Green investments likely to boost economic growth

Update: 2020-05-05 22:46 IST
Oxford study evaluates benefits of tackling climate change along with post-corona economic recovery

New Delhi: A research by the University of Oxford published on Tuesday showed efforts to rebuild economies after the devastation of coronavirus would be strengthened by including green measures such as clean energy infrastructure investment.

This first-of-its-kind study critically evaluates the benefits of tackling climate change along with the post-coronavirus economic recovery. A team of internationally-recognised experts, including Nobel Prize winner Joseph Stiglitz and well-known climate economist Nicholas Stern, came together to assess the economic and climate impact of taking a green route out of the crisis. They catalogued more than 700 stimulus policies into 25 broad groups, and conducted a global survey of 231 experts from 53 countries, including senior officials from finance ministries and central banks.

Drawing on this survey as well as learnings from the 2008 financial crisis, the economists found that green projects create more jobs, deliver higher short-term returns per dollar spend and lead to increased long-term cost savings, by comparison with traditional fiscal stimulus.

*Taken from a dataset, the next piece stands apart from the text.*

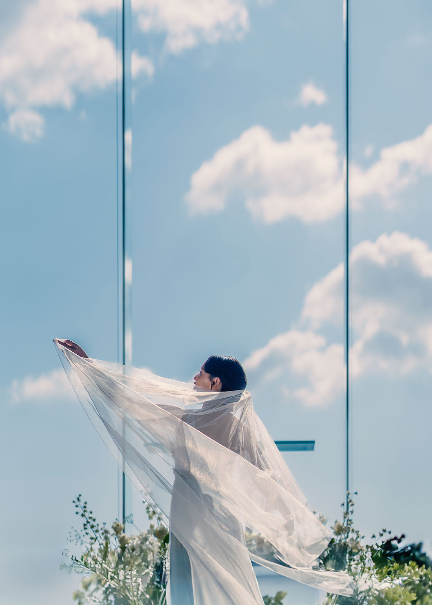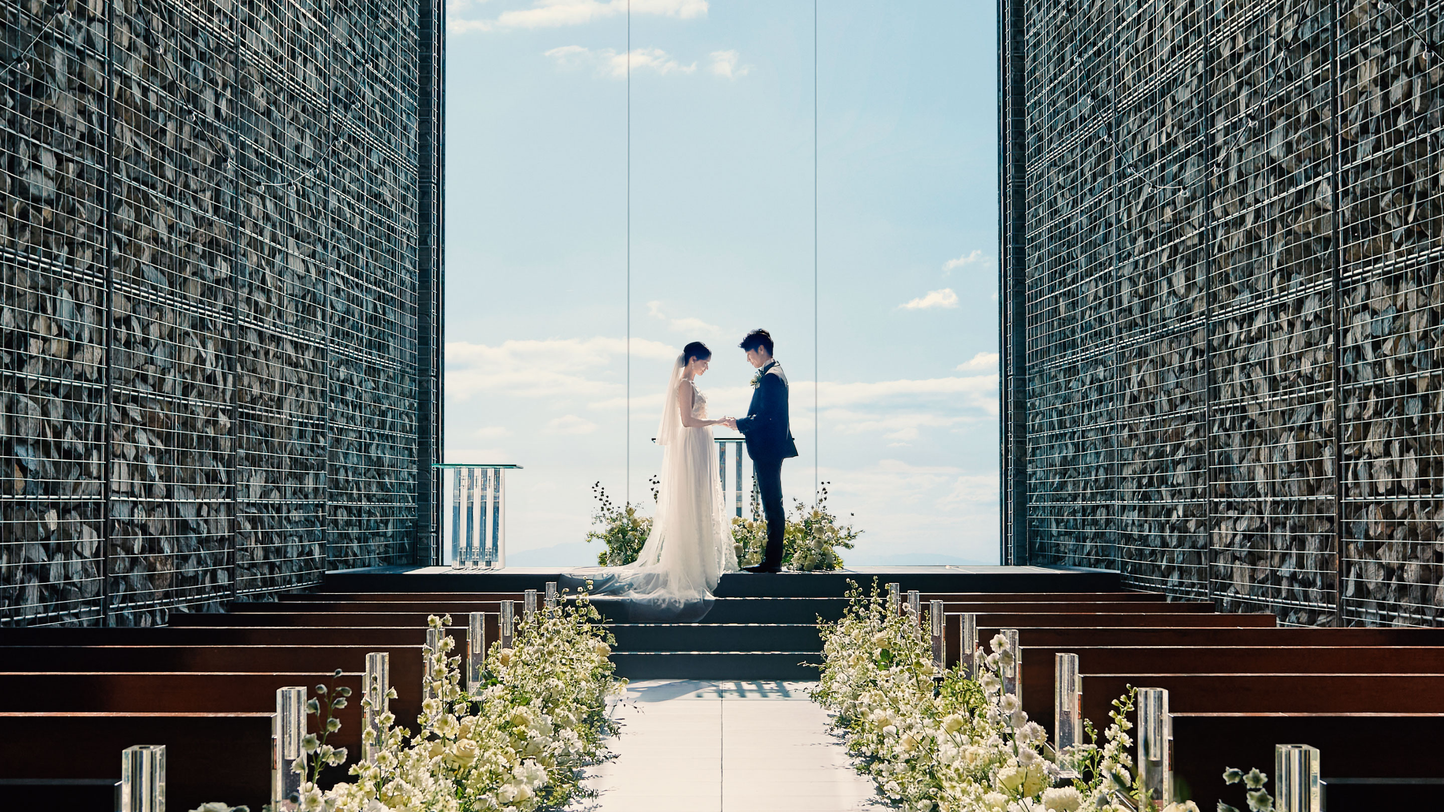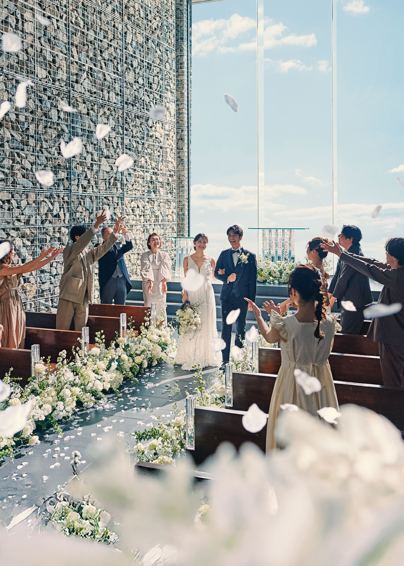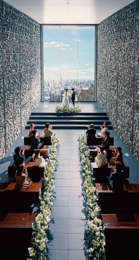 バージンロードを進んだ先には、一面のガラス窓越しに大空をのぞむ祭壇が。おふたりが立つと、その姿はまるで空に浮かんでいるかのよう。降り注ぐ光も相まって、誓いのシーンがドラマティックな感動に包まれます。

"The Covid-19 initiated emissions reduction could be short-lived," said Cameron Hepburn, lead author of the report and Director of the Smith School of Enterprise and Environment, University of Oxford. "But this report shows we can choose to build back better, keeping many of the recent improvements we've seen in cleaner air, returning nature and reduced greenhouse gas emissions."

The study focused on the reduction of greenhouse gas emission as the key environmentally-beneficial criteria. The paper, to be published in the Oxford Review of Economic Policy, observes desirable policies have a large return on investment, can be enacted quickly and have a strongly positive impact on climate. Examples include investment in renewable energy production, such as wind or solar. As previous research has shown, in the short term, clean energy infrastructure construction is particularly labour intensive, creating twice as many jobs per dollar as fossil fuel investments, as well as being less susceptible to off-shoring.